An exact copy of the lines, starting at the top of the listing and ending with the line that has "Figure 2. Free", is the required answer. Pictures are not part of it.

-- Raw data follows --

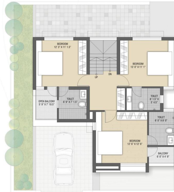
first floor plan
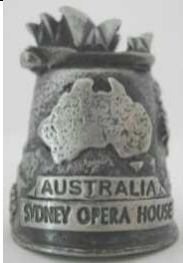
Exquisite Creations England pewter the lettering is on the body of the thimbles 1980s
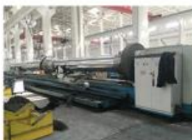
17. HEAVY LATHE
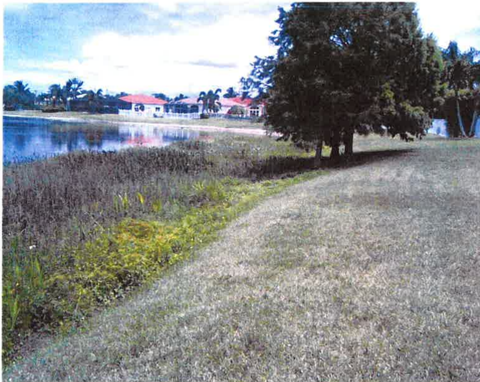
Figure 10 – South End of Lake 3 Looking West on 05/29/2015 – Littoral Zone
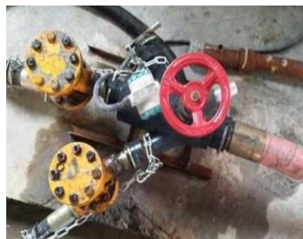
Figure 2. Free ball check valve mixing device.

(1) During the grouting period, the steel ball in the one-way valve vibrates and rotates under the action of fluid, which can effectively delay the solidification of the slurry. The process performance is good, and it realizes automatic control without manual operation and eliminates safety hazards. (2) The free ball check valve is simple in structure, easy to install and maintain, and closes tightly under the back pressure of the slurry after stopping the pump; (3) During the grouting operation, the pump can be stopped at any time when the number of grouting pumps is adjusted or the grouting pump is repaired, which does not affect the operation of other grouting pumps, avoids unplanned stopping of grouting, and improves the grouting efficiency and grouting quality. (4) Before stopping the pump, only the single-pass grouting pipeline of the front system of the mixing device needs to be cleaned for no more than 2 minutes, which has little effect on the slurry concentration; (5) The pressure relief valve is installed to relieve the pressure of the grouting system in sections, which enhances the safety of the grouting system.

-- Raw data concluded --

◆ **Solution to the problem**:
first floor plan
Exquisite Creations England pewter the lettering is on the body of the thimbles 1980s
17. HEAVY LATHE
Figure 10 – South End of Lake 3 Looking West on 05/29/2015 – Littoral Zone
Figure 2. Free ball check valve mixing device.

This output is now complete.